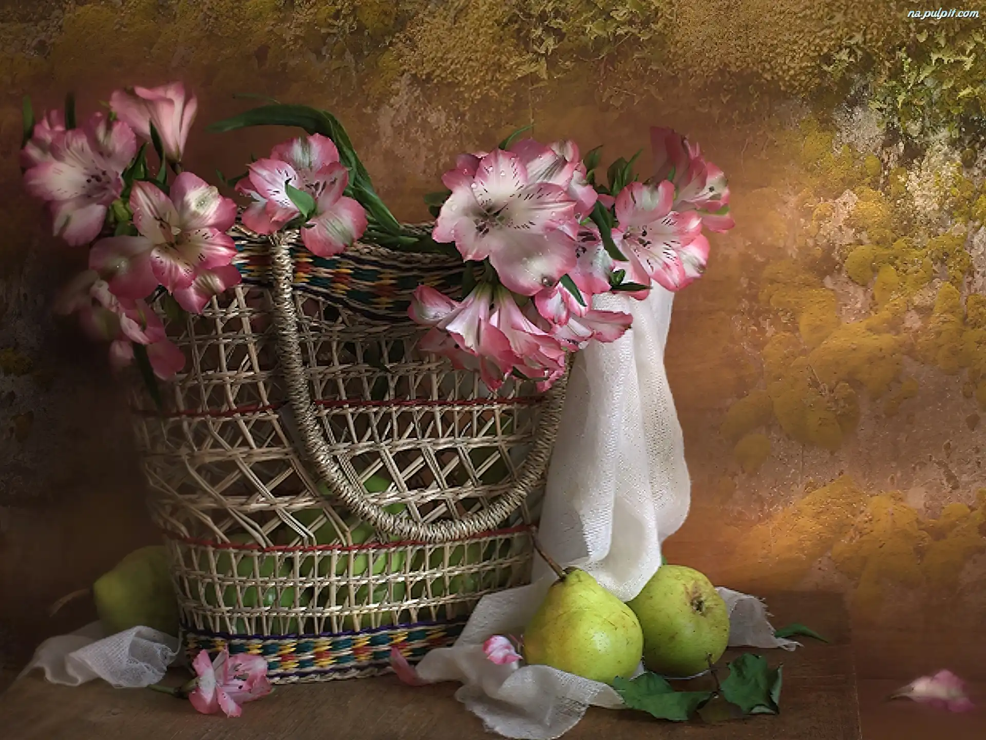 Gruszki, Kwiatów, Różowych, Bukiet, Kosz
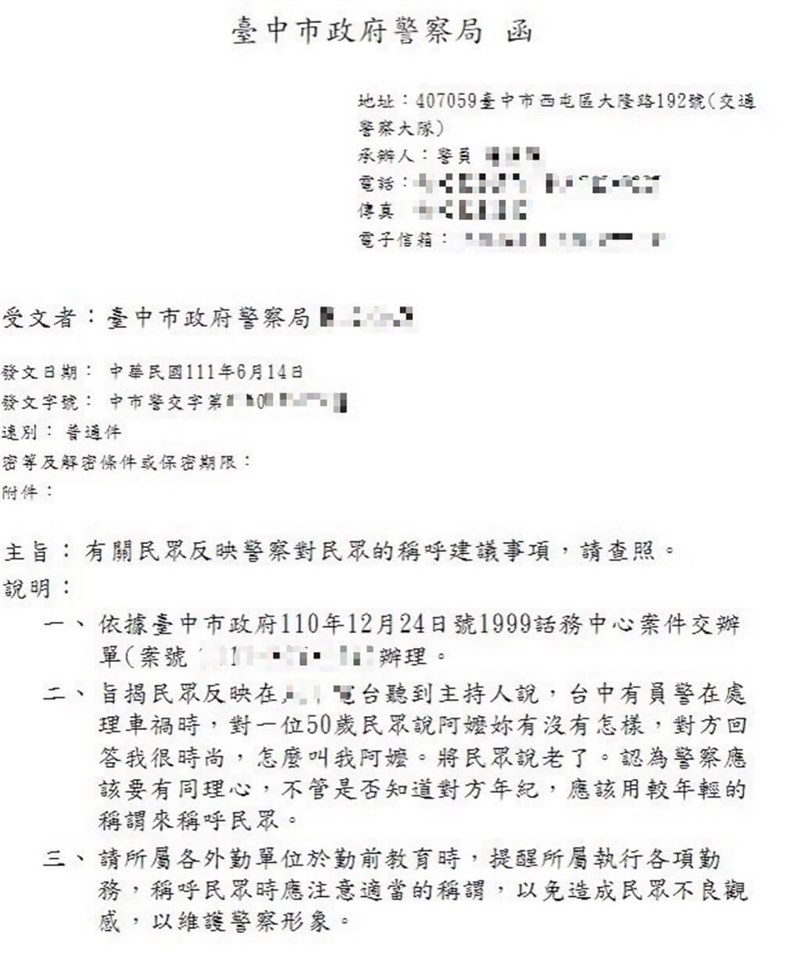 公文指出,市警局請外勤單位提醒員警執行勤務時,稱呼民眾應注意適當稱謂,以免造成民眾不良觀感,以維護警察形象。
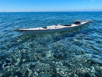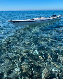 Causa inutilizzo, vendo kayak da mare Seabird modello Scott MV, in vetroresina/kevlar. Provvisto di 4 gavoni; due grossi (uno a prua e l’altro a poppa), uno portaoggetti davanti al pozzetto e uno medio dietro il pozzetto. Dotato di skeg direzionale a scomparsa. Misura: 520 cm Lungh., 56 cm Largh., Pozzetto 80x40 cm. Peso 23 kg. Il kayak é adatto a qualsiasi condizione di mare. Usato solo nella stagione estiva. Come nuovo. Compreso di Paraspruzzi MAI usato e carrello per trasporto come da foto.
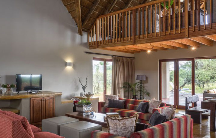 The self-catering luxury villa at Finfoot Lake Reserve is situated only 200 meters from the banks of the Vaalkop Dam. It is spacious, with a large open plan fully-equipped kitchen, lounge and dining room area which opens up onto a wooden wrap around deck which has a medium size pool and braai area. Above the lounge area there is a loft with a timber deck overlooking the dam. The four bedroom villa can comfortably accommodate eight adults and two children. Each bedroom is furnished with ample storage space, dressing table, small lounge area and either a king-size bed or two single beds. The two main bedrooms boast their own en suite bathrooms with double basins and a bath.. There are another two bathrooms, as well as an additional guest toilet and the option of truly being one with nature by trying out the outdoor shower.
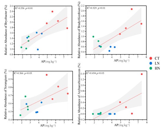 Relationships between sensitive microbial species and available phosphorus. AP: available phosphorus.
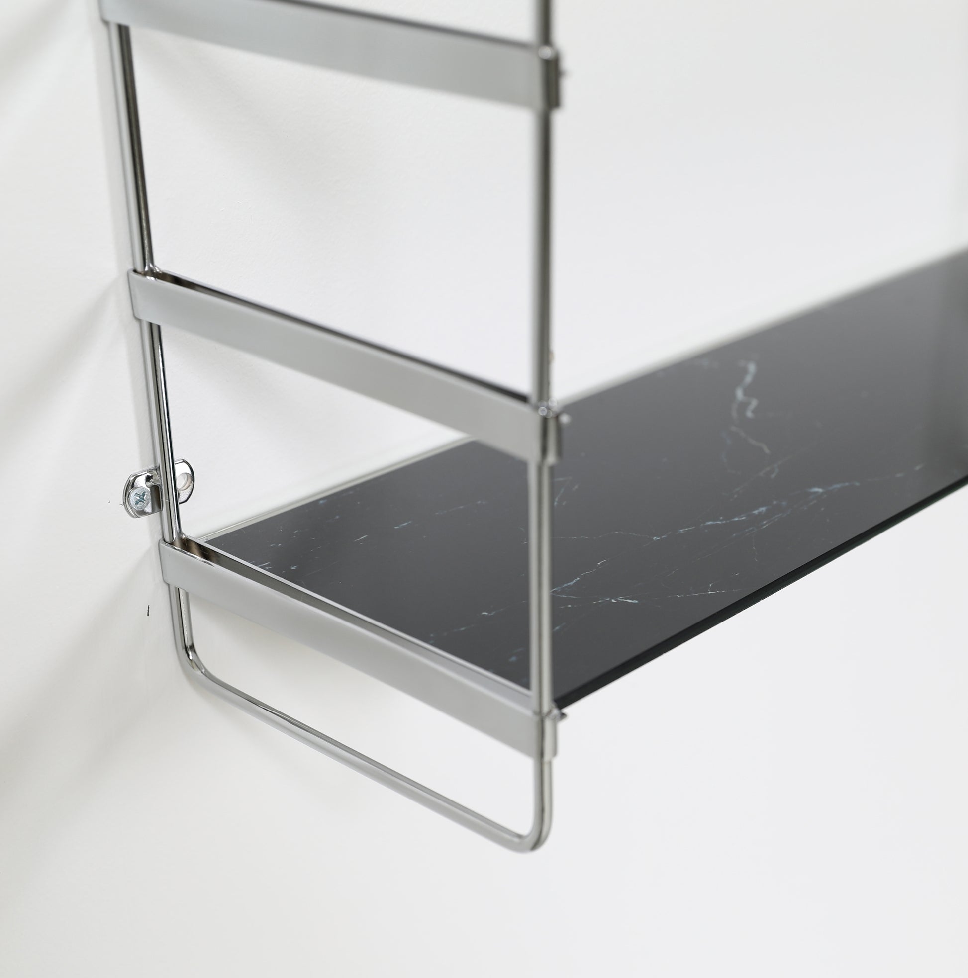 Ett set med fyra hyllplan i svart, marmorerat säkerhetsglas. Avsedda att kombineras med stomme från Linus-serien.
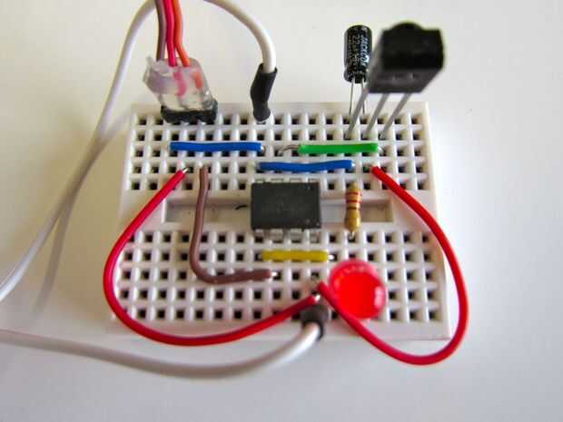 Los controles de microcontrolador ATtiny el la señal de un módulo de receptor de infrarrojos. Los filtros de ese módulo. El módulo de receptor IR automáticamente se encarga de limitar la recepción de señales moduladas a 38 kHz (o cerrar), típico para controles remotos de TV y aplicaciones relacionadas (en realidad, cuando se toman fotografías noté también reacciona a un flash).
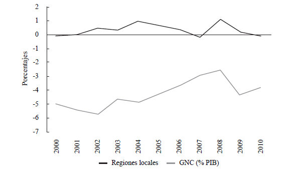 En los últimos años, los aspectos regionales han desempeñado un rol cada vez más relevante en el contexto nacional. Su dinámica tiene una estrecha relación con una función de bienestar social, pues refleja un grado importante de operatividad para brindar bienes y servicios públicos localizados y, por esa vía, lograr atender necesidades específicas de grupos de población diversos y heterogéneos. Adicionalmente, desde hace algún tiempo sus resultados fiscales han logrado compensar una parte del déficit fiscal del sector público consolidado, en especial del registrado por el gobierno nacional central. En promedio, este último obtuvo gastos superiores a sus ingresos en 4,3% del PIB entre los años 2000 y 2010, mientras que el sector regionales y locales1 evidenció un superávit fiscal de 0,3% del PIB en el mismo período (Gráfica 1).
◆ ◆ ◆ ◆
Could you write out every record exactly, leaving the pictures out?

YOUR SOLUTION |
 Gruszki, Kwiatów, Różowych, Bukiet, Kosz
 公文指出,市警局請外勤單位提醒員警執行勤務時,稱呼民眾應注意適當稱謂,以免造成民眾不良觀感,以維護警察形象。
 Causa inutilizzo, vendo kayak da mare Seabird modello Scott MV, in vetroresina/kevlar. Provvisto di 4 gavoni; due grossi (uno a prua e l’altro a poppa), uno portaoggetti davanti al pozzetto e uno medio dietro il pozzetto. Dotato di skeg direzionale a scomparsa. Misura: 520 cm Lungh., 56 cm Largh., Pozzetto 80x40 cm. Peso 23 kg. Il kayak é adatto a qualsiasi condizione di mare. Usato solo nella stagione estiva. Come nuovo. Compreso di Paraspruzzi MAI usato e carrello per trasporto come da foto.
 The self-catering luxury villa at Finfoot Lake Reserve is situated only 200 meters from the banks of the Vaalkop Dam. It is spacious, with a large open plan fully-equipped kitchen, lounge and dining room area which opens up onto a wooden wrap around deck which has a medium size pool and braai area. Above the lounge area there is a loft with a timber deck overlooking the dam. The four bedroom villa can comfortably accommodate eight adults and two children. Each bedroom is furnished with ample storage space, dressing table, small lounge area and either a king-size bed or two single beds. The two main bedrooms boast their own en suite bathrooms with double basins and a bath.. There are another two bathrooms, as well as an additional guest toilet and the option of truly being one with nature by trying out the outdoor shower.
 Relationships between sensitive microbial species and available phosphorus. AP: available phosphorus.
 Ett set med fyra hyllplan i svart, marmorerat säkerhetsglas. Avsedda att kombineras med stomme från Linus-serien.
 Los controles de microcontrolador ATtiny el la señal de un módulo de receptor de infrarrojos. Los filtros de ese módulo. El módulo de receptor IR automáticamente se encarga de limitar la recepción de señales moduladas a 38 kHz (o cerrar), típico para controles remotos de TV y aplicaciones relacionadas (en realidad, cuando se toman fotografías noté también reacciona a un flash).
 En los últimos años, los aspectos regionales han desempeñado un rol cada vez más relevante en el contexto nacional. Su dinámica tiene una estrecha relación con una función de bienestar social, pues refleja un grado importante de operatividad para brindar bienes y servicios públicos localizados y, por esa vía, lograr atender necesidades específicas de grupos de población diversos y heterogéneos. Adicionalmente, desde hace algún tiempo sus resultados fiscales han logrado compensar una parte del déficit fiscal del sector público consolidado, en especial del registrado por el gobierno nacional central. En promedio, este último obtuvo gastos superiores a sus ingresos en 4,3% del PIB entre los años 2000 y 2010, mientras que el sector regionales y locales1 evidenció un superávit fiscal de 0,3% del PIB en el mismo período (Gráfica 1).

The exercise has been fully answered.